Khawaja Asif, a firebrand central leader of the party, was also placed under house arrest.

Cricketer-turned-politician Imran Khan, the leader of the Movement for Justice party, went into hiding one day after police placed him under house arrest in the eastern city of Lahore.

Nationalist opposition leaders Mehmood Khan Achakzai and Qadir Magsi were detained in their home towns in southern Pakistan.

Ousted Chief Justice Iftikhar Chaudhry and all other Supreme Court judges who refused to cow to the emergency rule have been placed under house arrest.

The president of the Supreme Court Bar Association, Aitzaz Ahsan, and other legal leaders including Munir A. Malik, Ali Ahmad Kurd and Tariq Mehmood were also taken into custody immediately after emergency rule was imposed.

The four were counsels for Chaudhry when Musharraf first tried to sack him in March.

Thousands of lawyers who came out to protest the emergency rule have also been rounded up.

Savior

Bhutto returned to Pakistan from a private visit to Dubai only a few hours after Musharraf declared emergency.

She was allowed no the same way she was welcomed on October 18 after an eight-year self-exile under a US-brokered power-sharing deal with Musharraf.

Surprisingly, no rank or file of Bhutto's Pakistan Peoples Party (PPP) has been arrested so far.

Police said Wednesday they would stop her planned rally in the garrison city of Rawalpindi on Friday.

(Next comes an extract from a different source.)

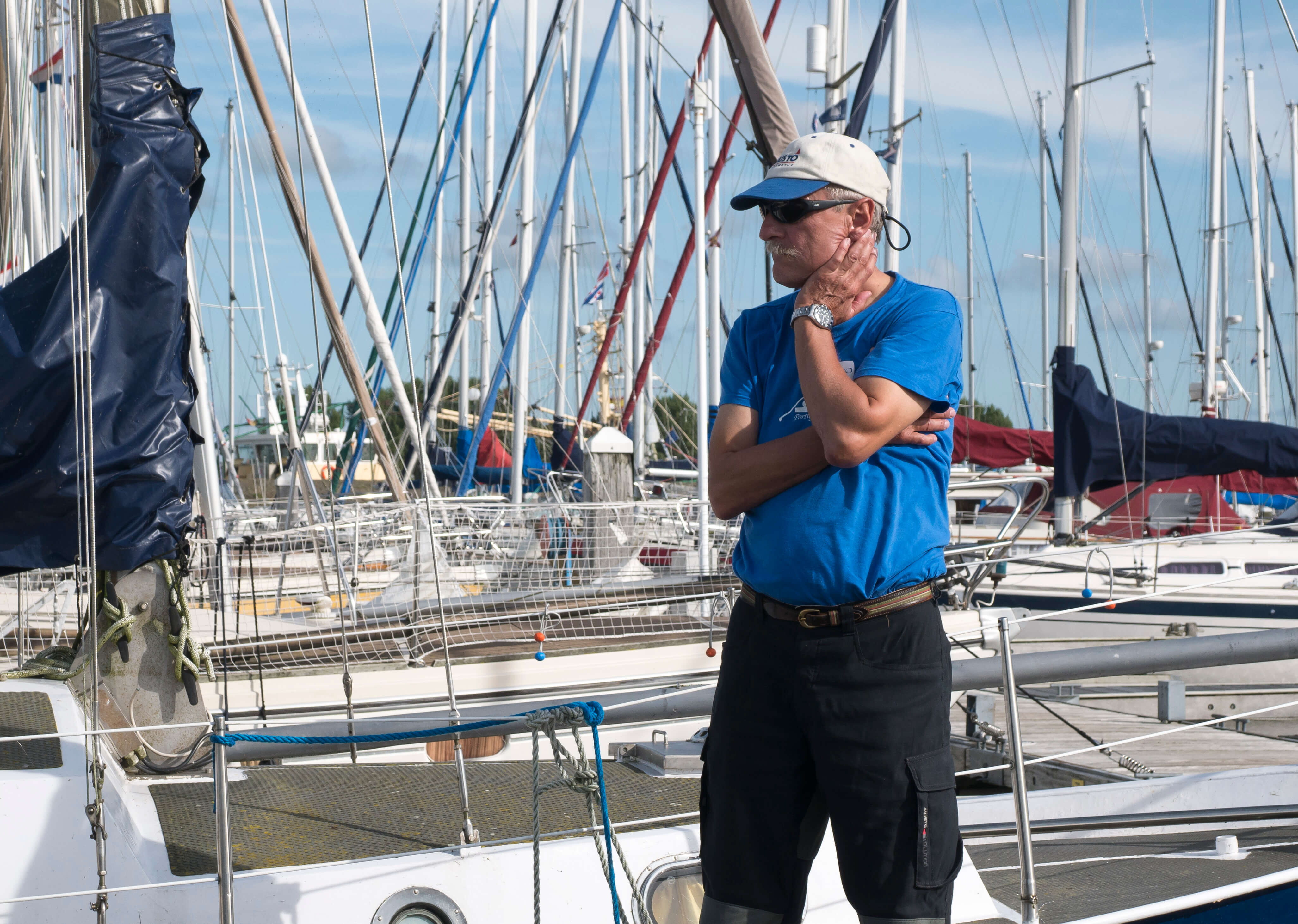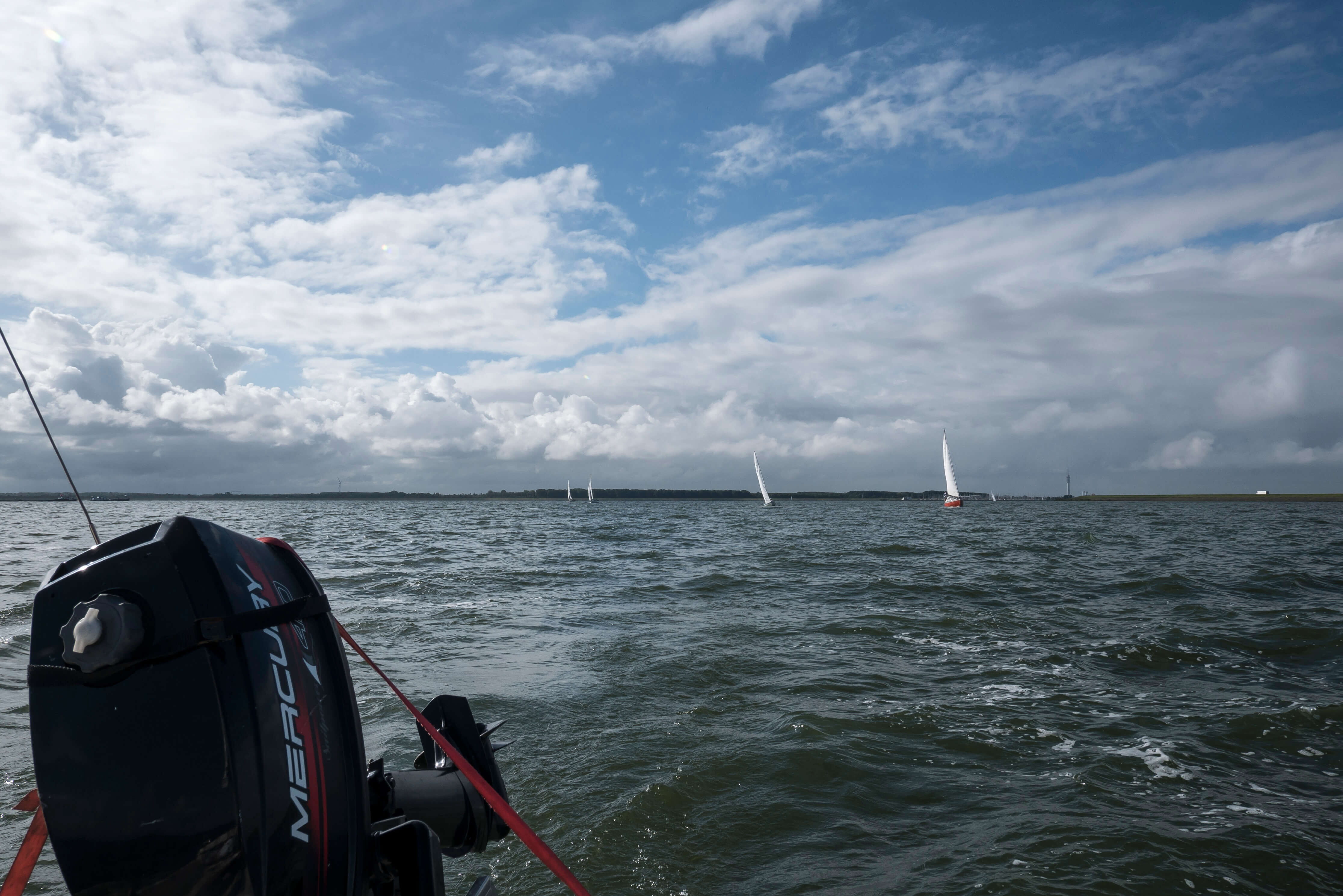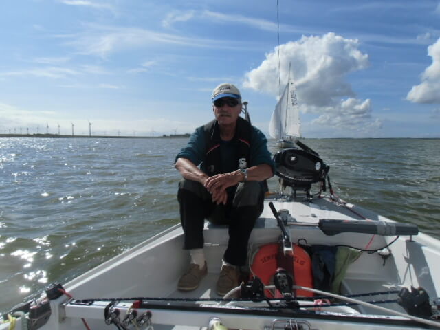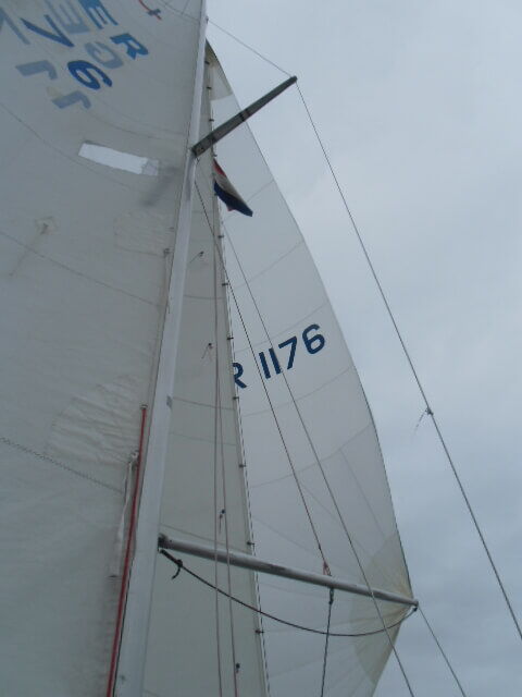 Am Samstag werden die Boote komplettiert, getrimmt, seeklar gemacht, oft in gegenseitiger Unterstützung. Dies und das lässt sich noch im nahen Segelzubehör besorgen und so gibt es einen gemütlichen Abendumtrunk an Bord eines der Boote. Wir reden über das Wetter, dass sich zunehmend ungünstig entwickelt und über unsere Segelmöglichkeiten am folgenden Tag. Die Nacht bringt bereits die Klärung, denn es pfeift gewaltig in den Masten, die Boote liegen unruhig an den Pollern und reißen an den Festmachern. Das hört am Sonntagmorgen auch nicht auf, im Gegenteil, Rasmus macht dicke Backen. Schwere Regenschauer ergänzen kräftige Böen von W 6 bis 7 Windstärken, die manchmal ½ h und mehr andauern können. Schnell sind wir uns einig, dass wir an diesem Tag nicht auslaufen werden. Die einen verbringen den Tag mit einem Ausflug in die nähere Umgebung, die anderen basteln an ihren Booten und 2 Boote gehen mit verstärkter Crew “vor die Türe“ und trainieren Starkwindsegeln, in Lee des nach Norden verlaufenden Houtribdijks. Eine gute Vorbereitung für alle Fälle. Es soll nicht unerwähnt bleiben, dass auch der Versuch eines echten “Mann über Bord-Manövers“ gestartet worden ist. Bei Rückkehr vom Trainingsschlag geht ein Segler 15m vor dem Anlegesteg außenbords. Alles ist harmlos verlaufen. Positiver Nebeneffekt: er weiß jetzt, daß und wie seine Rettungsweste funktioniert. Abends sind wir wieder beisammen und planen das Auslaufen für Montagmorgen, soweit der Wind – wie von den Foren versprochen – deutlich abnehmen wird.
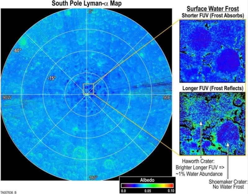 Kết quả chụp chiếu miệng núi lửa Cabeus ở cực Nam mặt trăng cho thấy có sự xuất hiện của phân tử nước.

But her Pakistan People's Party (PPP), the country's biggest opposition party, is unfazed.

Bhutto has repeatedly called on Musharraf, who seized power in a bloodless coup in 1999, to restore the constitution, quit as head of the army and hold elections as promised in January.

She had been in talks with Musharraf for a power-sharing deal, an alliance sponsored by the US.

Bhutto told Time magazine on Tuesday that she was "not pulling any plug" on the negotiations with Musharraf.

Bhutto became the first democratically elected female leader of a Muslim nation in 1988 following the death of military ruler General Mohammed Zia-ul-Haq in a plane crash, the details of which remain sketchy to date.

She has twice been prime minister of Pakistan, first from 1988 to 1990 and then from 1993 to 1996.

Both governments were sacked by presidents Ghulam Ishaq Khan and Farooq Leghari respectively, on charges of corruption, misuse of authority and extra judicial killings.

In April 1999, a court convicted Bhutto and her husband, Asif Zardari, of receiving kickbacks worth millions of dollars for awarding a contract to two Swiss firms during her 1993-96 tenure.

She left the country in the same year for self-imposed exile in London and Dubai with her three children before being joined by her husband after he was freed in 2004.

Bhutto was only able to return after Musharraf offered her an amnesty under the power-sharing deal.

Dropping corruption charges against her clears the way for Bhutto to stand in the next parliamentary elections.

Some observers believe she is being groomed by the US to take over from Musharraf, a close ally in Washington's so-called war on terror for six years.